La jurisprudence italienne fluctuante. Depuis 2014, le tribunal de la famille de Rome a rendu au moins 15 décisions favorables à des demandes de personnes homosexuelles souhaitant adopter les enfants de leur partenaire6. En février 2017, la cour d’appel de Trente7 a énoncé que l’interdiction de la maternité de substitution ne saurait suffire à écarter la reconnaissance du statut parental de deux hommes qui s’étaient engagés dans un projet de procréation impliquant une mère porteuse au Canada. En 2018, la cour d’appel de Naples a affirmé que toute personne qui avait consenti à la procédure de procréation médicalement assistée (PMA) doit être considérée comme un parent, y compris en l’absence de liens génétiques8. Toutefois, un an après, la Cour suprême9 a jugé que l’exécution d’une décision judiciaire étrangère, accordant une filiation légale entre deux enfants et leur père non biologique, ne pouvait être permise en Italie. L’interdiction de la maternité de substitution édictée par la loi est élevée au rang de principe d’ordre public. Elle procède du postulat selon lequel chaque État a le pouvoir d’autoriser ou d’interdire la maternité de substitution et du principe que la volonté parentale n’est pas sans bornes. En 2022, un tribunal de Rome10 a considéré néanmoins que l’exigence du gouvernement selon laquelle les cartes d’identité des enfants doivent mentionner leur « mère » et leur « père » discriminait les parents de même sexe.
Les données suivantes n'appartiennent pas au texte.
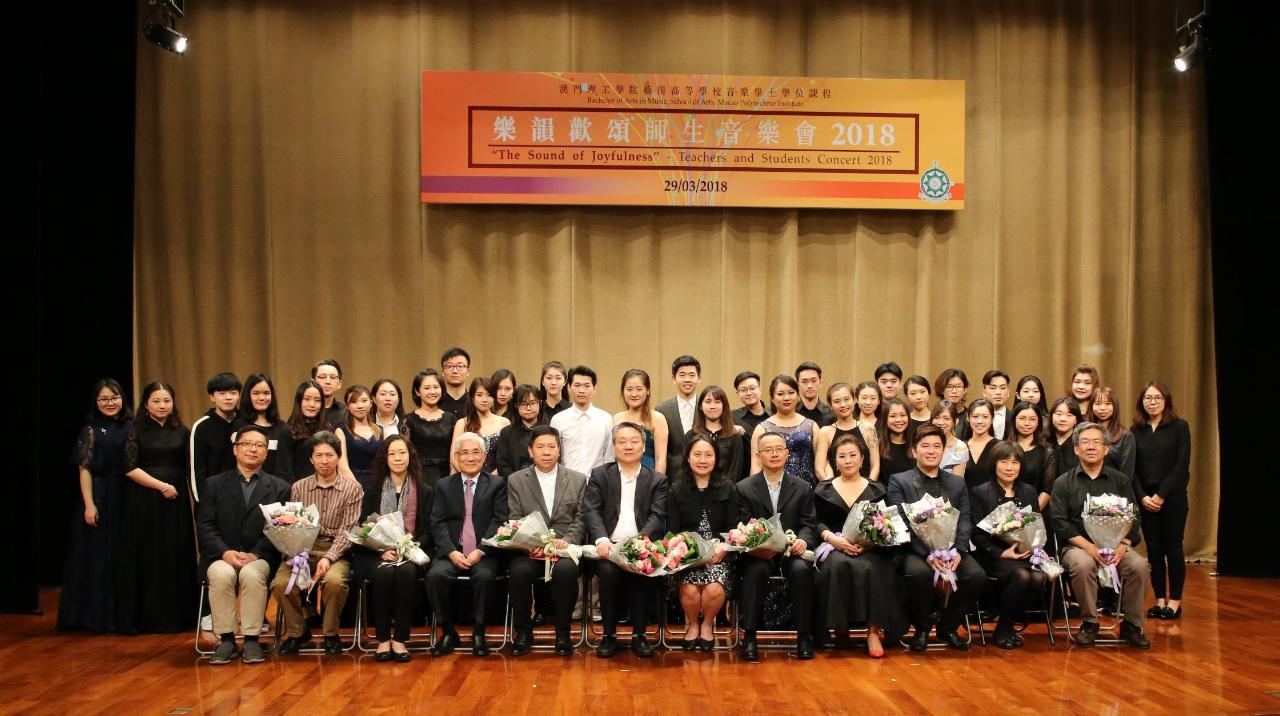 2018年3月29日晚,澳門理工學院藝術高等學校音樂課程2018年度 “樂韻歡頌師生音樂會” 在理工學院禮堂順利舉行。一年一度的師生音樂會是音樂課程的重要藝術實踐活動,為學生展現藝術表演才華提供舞台,並有和表演專業教師同台演出學習的機會。本年度的師生音樂會同時也是 “第三屆澳門理工學院藝術節” 的系列活動之一。
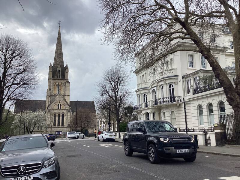 The architect was Thomas Allom who designed Stanley Gardens opposite and it was consecrated on 7th January 1857. The magnificent interior was further embellished in 1879 by Charles Barry Jnr., son of the architect of the Houses of Parliament.
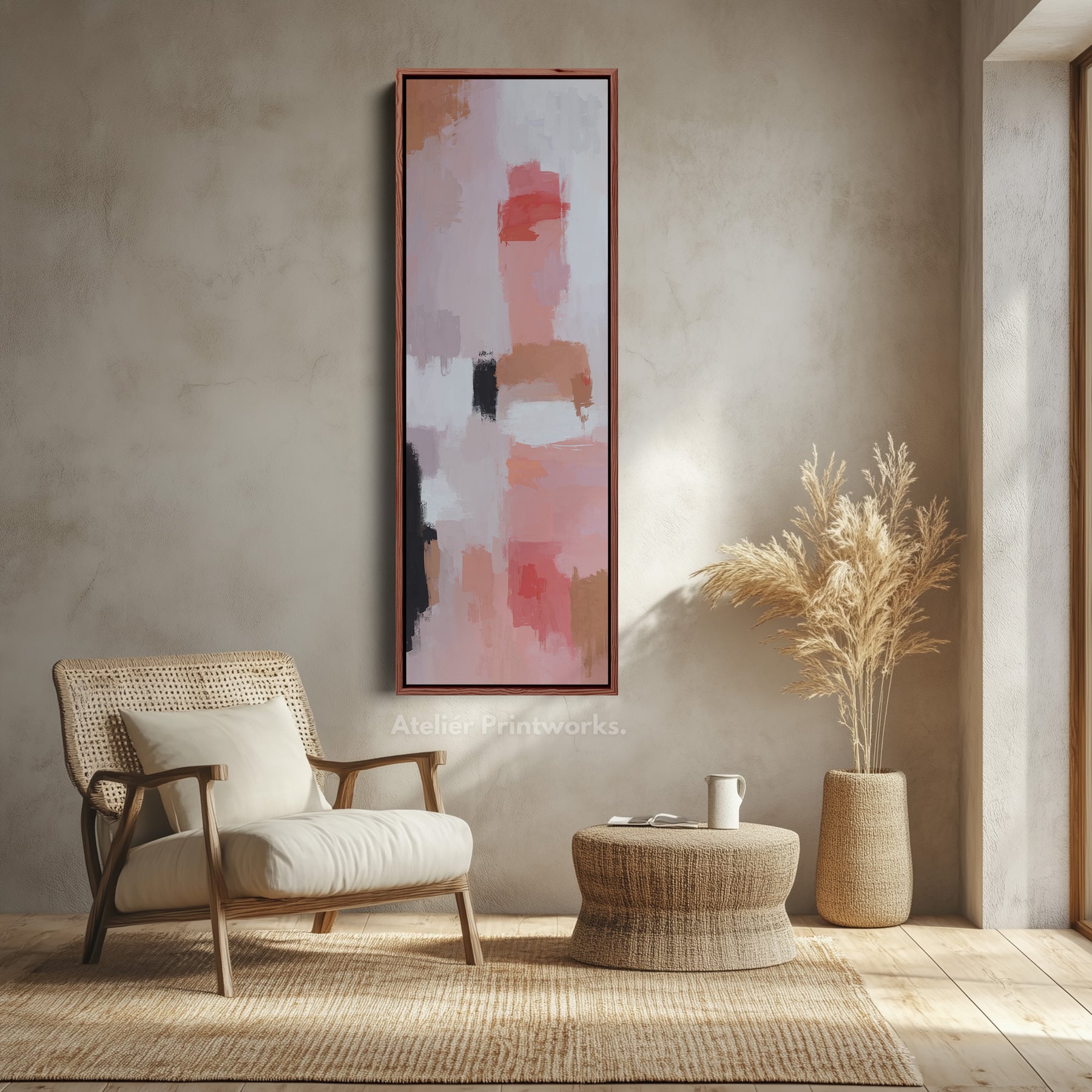 A modern abstract composition blending muted pinks, soft browns and subtle red accents creates a striking yet sophisticated vertical wall art piece. The tall canvas layout brings structure to open spaces. This narrow wall art works beautifully above a console wall art area, adding warmth without dominating a room. The skinny wall art format keeps it visually light and contemporary. Ideal for living rooms, hallways or bedrooms where subtle colour adds interest, this tall modern abstract wall art fits effortlessly with minimalist or Scandinavian décor.
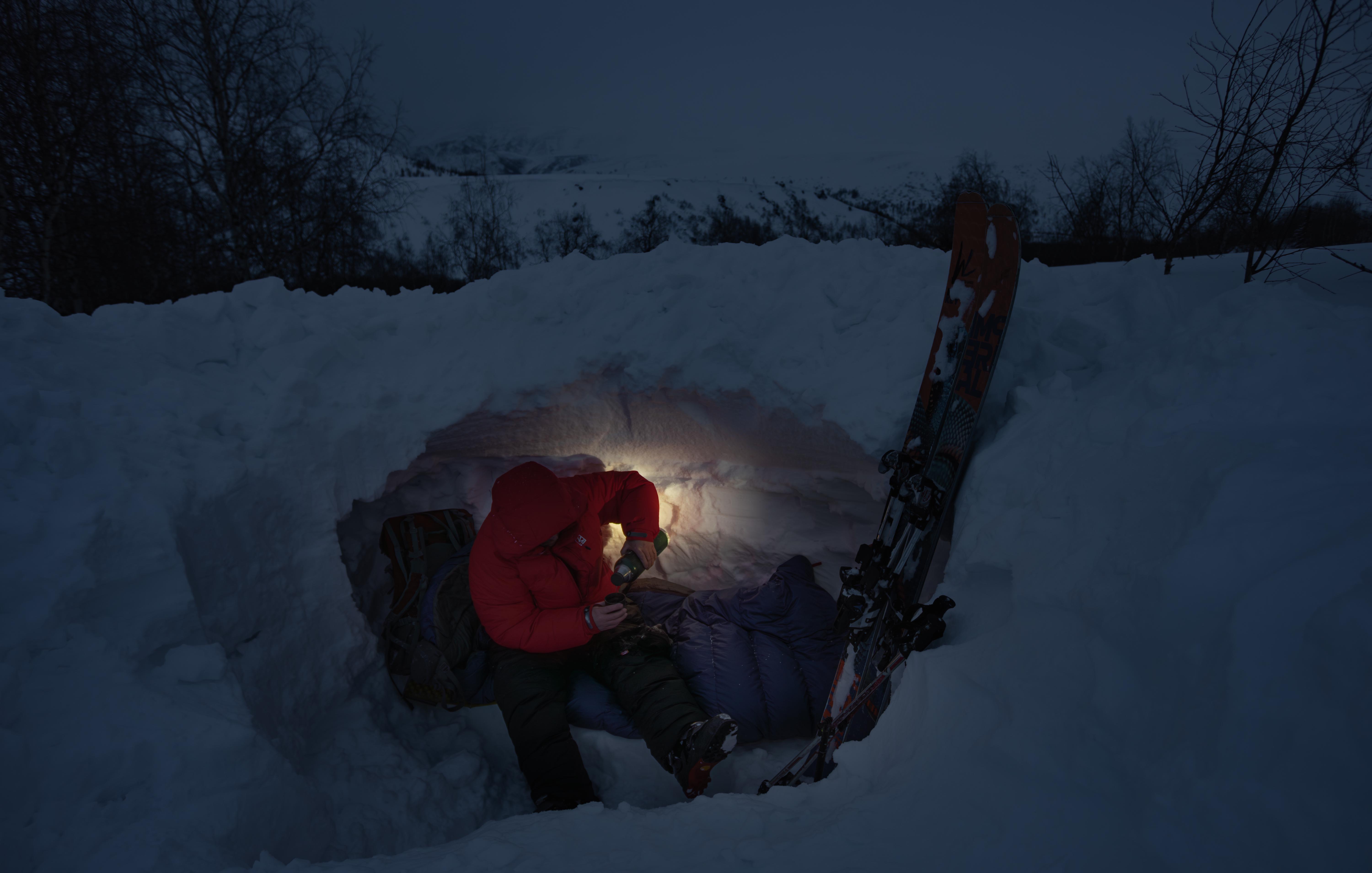 В течение двух недель, что были на маршруте, спальник показал себя отлично. Для чистоты эксперимента не использовал конденсатник (тонкий спальник с одним слоем синтетического утеплителя. Он нужен для того, чтобы отвести точку росы от основного спальника и принять на себя влагу. Надевается поверх основного спальника). Мой спальник после ночи, конечно, был немного влажным, но не критично. Достаточно было вывесить его на мороз и ветер, чтобы он быстро высыхал. В будущих походах я добавлю к нему конденсатник, что сильно повысит его эффективность. В ходе эксперимента выяснилось, что вполне можно использовать пуховые спальники в условиях арктического климата, что, несомненно, большой плюс, ибо разница в весе пухового и синтетического спальников, при тех же температурных характеристиках, будет весьма значительна. Так же еще одним очень важным моментом является ночевка в снежной пещере, где, как известно, влажность ОЧЕНЬ высока. На удивление, и тут спальник показал себя хорошо.
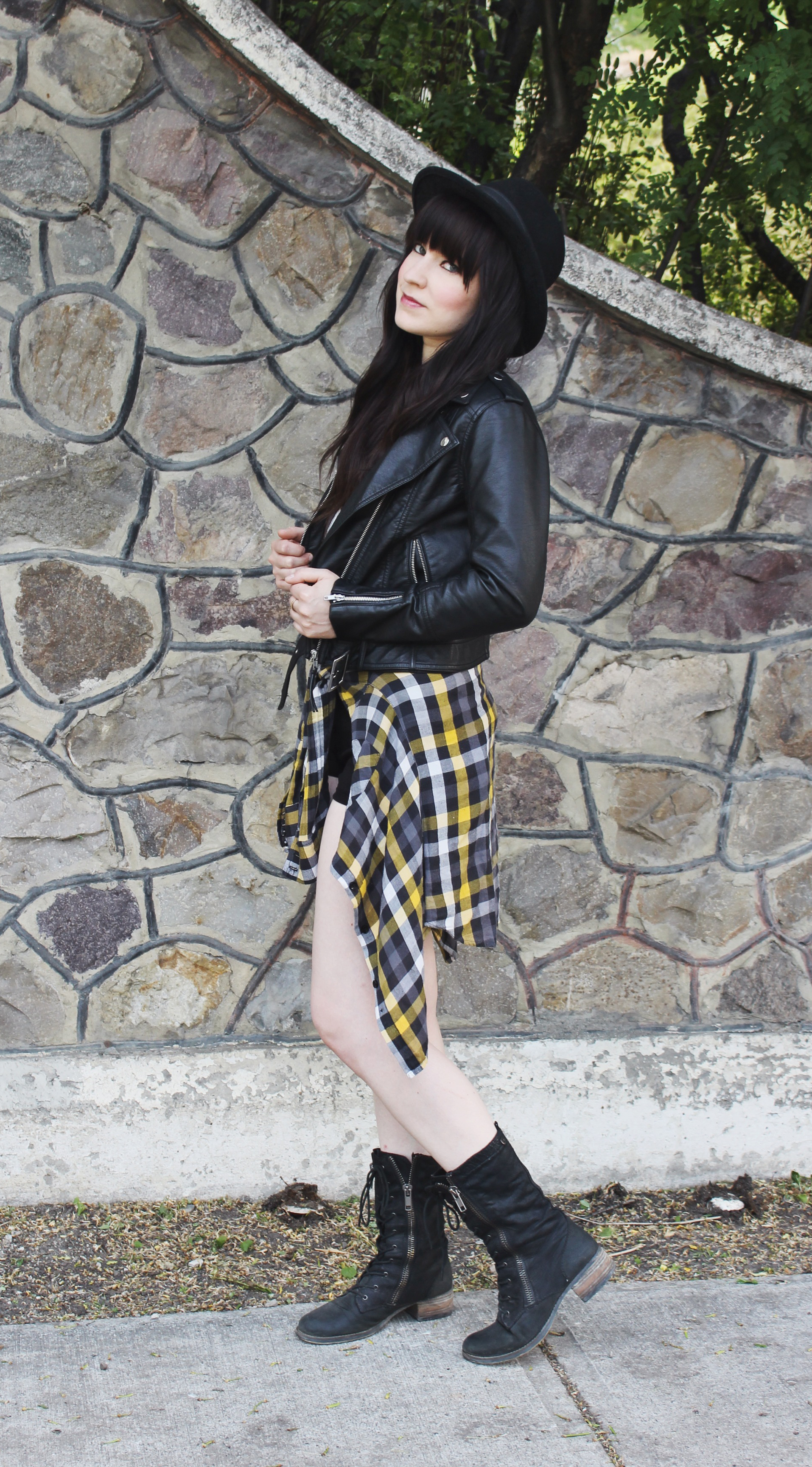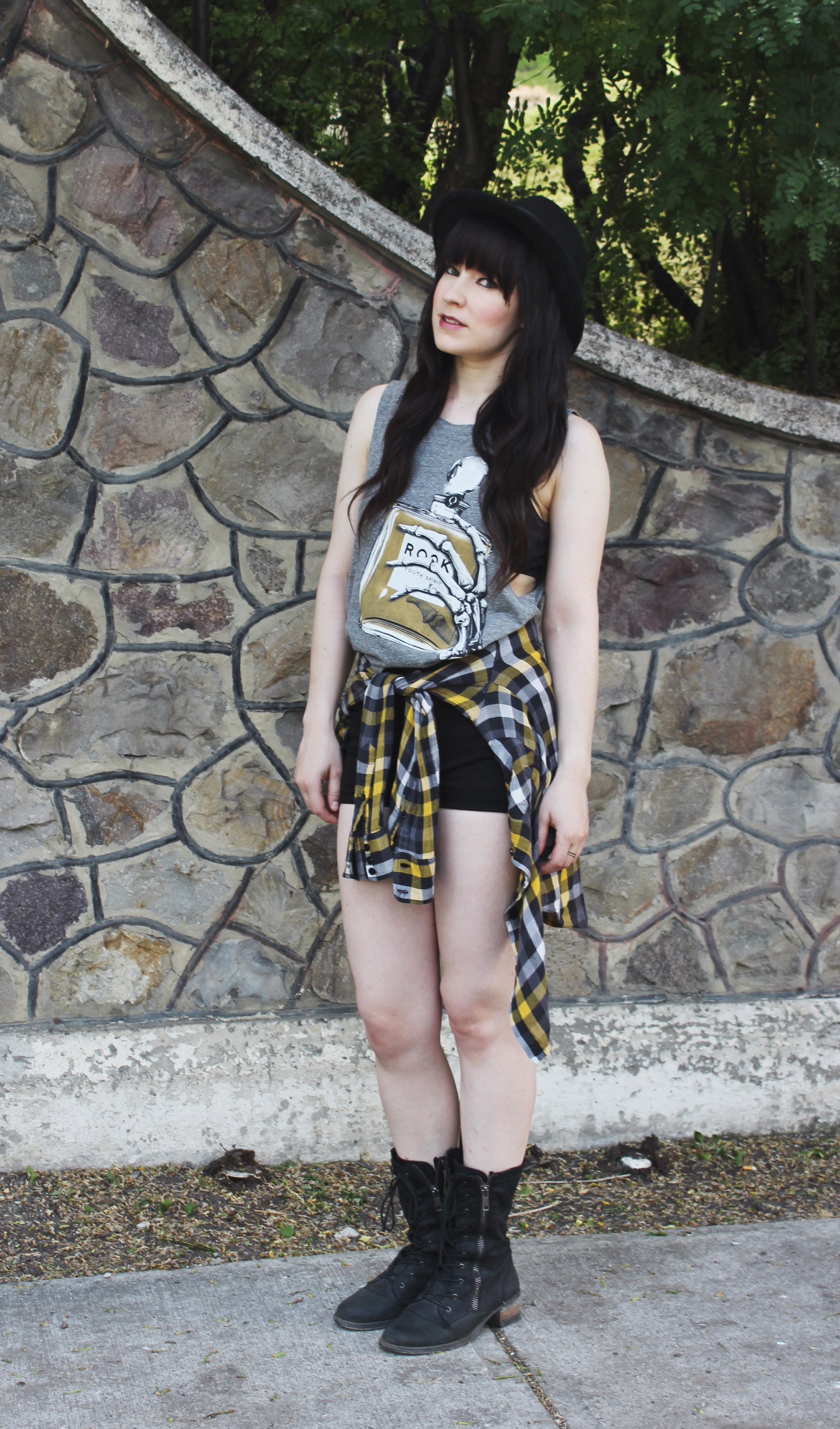 For this look i’m mixing it up a little and wearing something different from what I usually wear. I wanted to do something a little more grunge and 90’s inspired and this is the result. I don’t wear shirts with big graphics on them very often but this one really caught my attention. The company (Rook) just started designing women’s clothing not too long ago and they are killing it in my opinion. So far the graphics have been equally awesome to what they offer for men which isn’t always the case. I’ve found the shirts to have a really nice fit as well. The rest of the outfit consists of some high wasted shorts, a plaid shirt and some Army boots that i’ve owned for a while now.

C’est pourquoi il avait ordonné au gouvernement de délivrer des documents qui identifient correctement les parents.

Laffirmation récente du primat de la vérité biologique. Cependant, en 2023, la situation a évolué dans un sens défavorable. La Première ministre italienne et son ministre de l’Intérieur ont demandé au conseil municipal de plusieurs villes de paralyser l’enregistrement d’actes de naissance d’enfants avec deux parents homosexuels. Une circulaire avait ensuite été transmise à l’ensemble des municipalités pour que la mesure s’applique sur tout le territoire. Ainsi, la ville de Milan a cessé de délivrer des certificats de naissance pour les enfants de couples de même sexe. Dans le même sens, Padoue a commencé à effacer les noms des mères lesbiennes des certificats de naissance de leurs progénitures. À Bergame, en avril 2023, le tribunal a officialisé sa décision d’enlever le nom de la mère sociale de l’acte de naissance d’une fillette de 9 mois11.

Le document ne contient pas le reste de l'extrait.